# How to complete this task:
In this exercise, the entries below include pictures. Repeat exactly the lines from the line with "Sequin Flower Girl" to the line with "16G記憶體 / 512G SSD )", including both, but without the pictures.
BEGIN
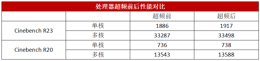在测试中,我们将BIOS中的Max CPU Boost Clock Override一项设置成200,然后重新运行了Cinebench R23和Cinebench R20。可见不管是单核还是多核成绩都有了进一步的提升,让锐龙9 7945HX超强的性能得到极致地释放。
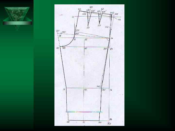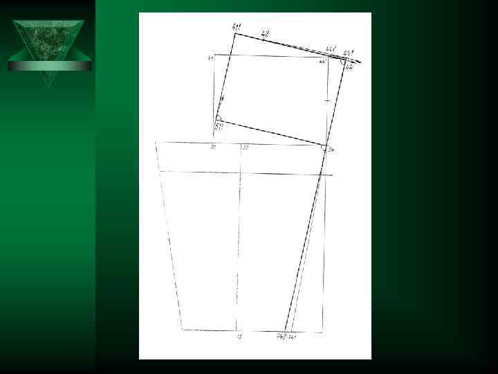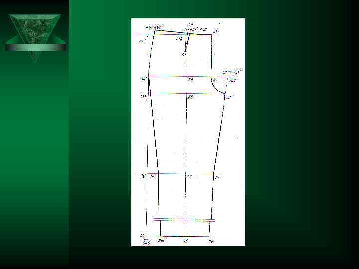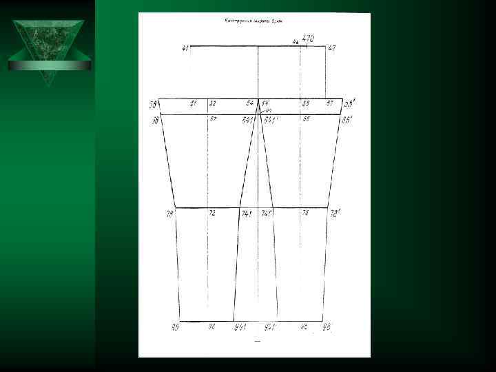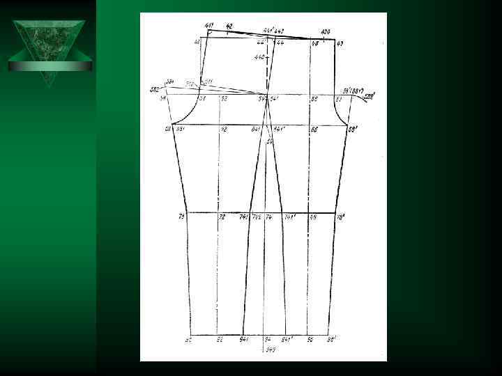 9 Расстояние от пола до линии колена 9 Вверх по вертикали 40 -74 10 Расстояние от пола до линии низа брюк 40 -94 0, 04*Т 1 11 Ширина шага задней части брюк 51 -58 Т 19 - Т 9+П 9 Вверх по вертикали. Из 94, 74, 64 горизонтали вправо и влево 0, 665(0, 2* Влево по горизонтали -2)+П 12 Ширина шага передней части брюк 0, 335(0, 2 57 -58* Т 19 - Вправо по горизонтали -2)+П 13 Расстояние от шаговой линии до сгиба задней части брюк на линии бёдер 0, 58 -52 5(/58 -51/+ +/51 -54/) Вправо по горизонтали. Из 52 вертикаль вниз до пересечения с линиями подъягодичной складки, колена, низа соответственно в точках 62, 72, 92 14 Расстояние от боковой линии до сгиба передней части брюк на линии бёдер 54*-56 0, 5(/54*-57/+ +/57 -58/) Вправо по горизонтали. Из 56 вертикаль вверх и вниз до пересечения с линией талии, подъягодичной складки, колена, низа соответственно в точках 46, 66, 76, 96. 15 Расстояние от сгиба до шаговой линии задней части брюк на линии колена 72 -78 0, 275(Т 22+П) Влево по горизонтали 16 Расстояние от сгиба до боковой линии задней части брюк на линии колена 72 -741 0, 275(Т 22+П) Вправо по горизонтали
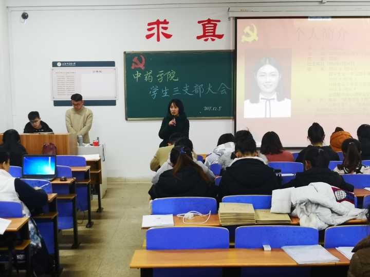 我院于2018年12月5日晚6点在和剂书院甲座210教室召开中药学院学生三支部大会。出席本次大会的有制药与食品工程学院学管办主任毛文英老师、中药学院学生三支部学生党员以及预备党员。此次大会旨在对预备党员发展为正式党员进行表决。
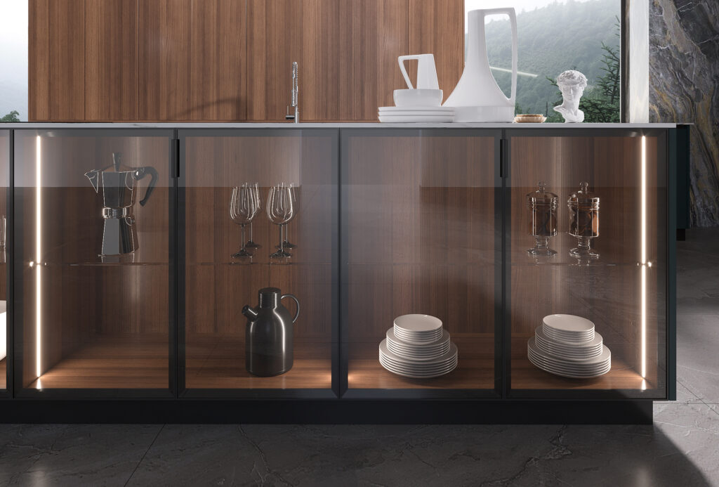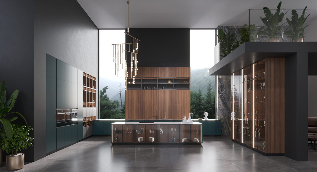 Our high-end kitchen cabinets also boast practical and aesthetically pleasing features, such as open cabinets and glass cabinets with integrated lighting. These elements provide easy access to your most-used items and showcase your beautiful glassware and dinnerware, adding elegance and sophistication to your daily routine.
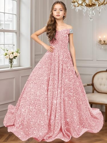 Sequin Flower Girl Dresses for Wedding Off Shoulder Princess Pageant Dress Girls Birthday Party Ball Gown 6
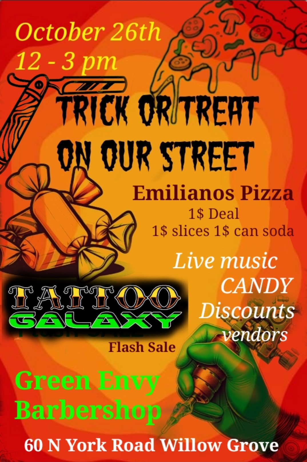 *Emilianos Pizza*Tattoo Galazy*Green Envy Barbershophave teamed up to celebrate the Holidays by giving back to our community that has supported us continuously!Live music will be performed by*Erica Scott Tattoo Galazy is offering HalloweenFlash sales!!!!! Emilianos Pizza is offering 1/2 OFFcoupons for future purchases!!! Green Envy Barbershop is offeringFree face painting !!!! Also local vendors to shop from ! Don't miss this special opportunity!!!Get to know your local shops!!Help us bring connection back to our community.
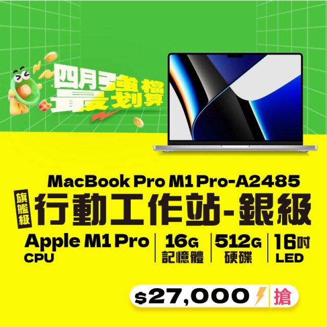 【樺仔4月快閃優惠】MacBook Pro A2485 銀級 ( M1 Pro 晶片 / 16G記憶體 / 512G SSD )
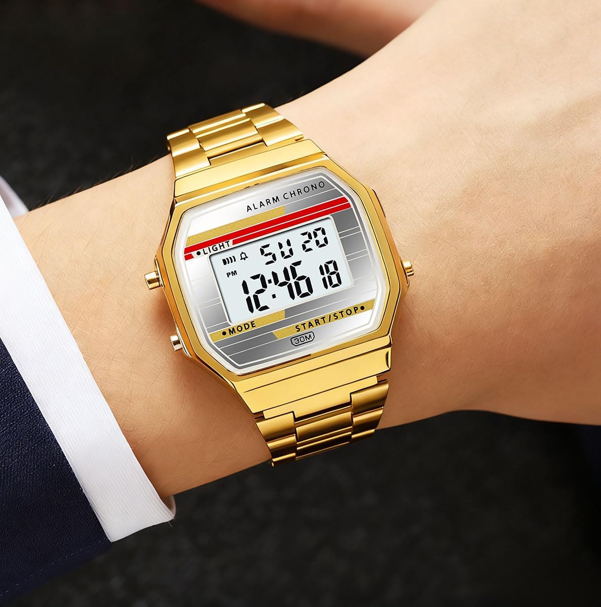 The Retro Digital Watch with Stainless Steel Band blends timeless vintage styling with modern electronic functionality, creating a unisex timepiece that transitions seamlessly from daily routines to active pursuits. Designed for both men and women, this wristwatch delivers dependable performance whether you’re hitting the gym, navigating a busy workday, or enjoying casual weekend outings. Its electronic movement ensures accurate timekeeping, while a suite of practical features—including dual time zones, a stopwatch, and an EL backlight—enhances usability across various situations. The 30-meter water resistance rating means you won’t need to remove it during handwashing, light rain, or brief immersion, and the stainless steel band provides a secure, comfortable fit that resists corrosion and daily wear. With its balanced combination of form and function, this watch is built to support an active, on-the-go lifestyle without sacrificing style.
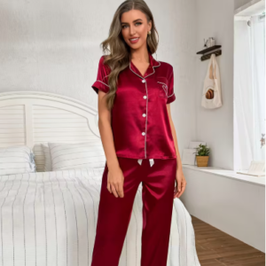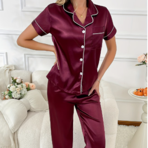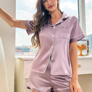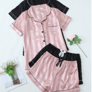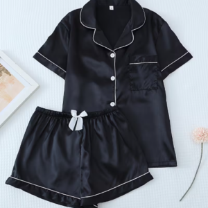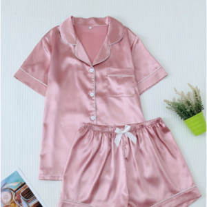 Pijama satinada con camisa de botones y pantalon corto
END
# Answer:
 Sequin Flower Girl Dresses for Wedding Off Shoulder Princess Pageant Dress Girls Birthday Party Ball Gown 6
 *Emilianos Pizza*Tattoo Galazy*Green Envy Barbershophave teamed up to celebrate the Holidays by giving back to our community that has supported us continuously!Live music will be performed by*Erica Scott Tattoo Galazy is offering HalloweenFlash sales!!!!! Emilianos Pizza is offering 1/2 OFFcoupons for future purchases!!! Green Envy Barbershop is offeringFree face painting !!!! Also local vendors to shop from ! Don't miss this special opportunity!!!Get to know your local shops!!Help us bring connection back to our community.
 【樺仔4月快閃優惠】MacBook Pro A2485 銀級 ( M1 Pro 晶片 / 16G記憶體 / 512G SSD )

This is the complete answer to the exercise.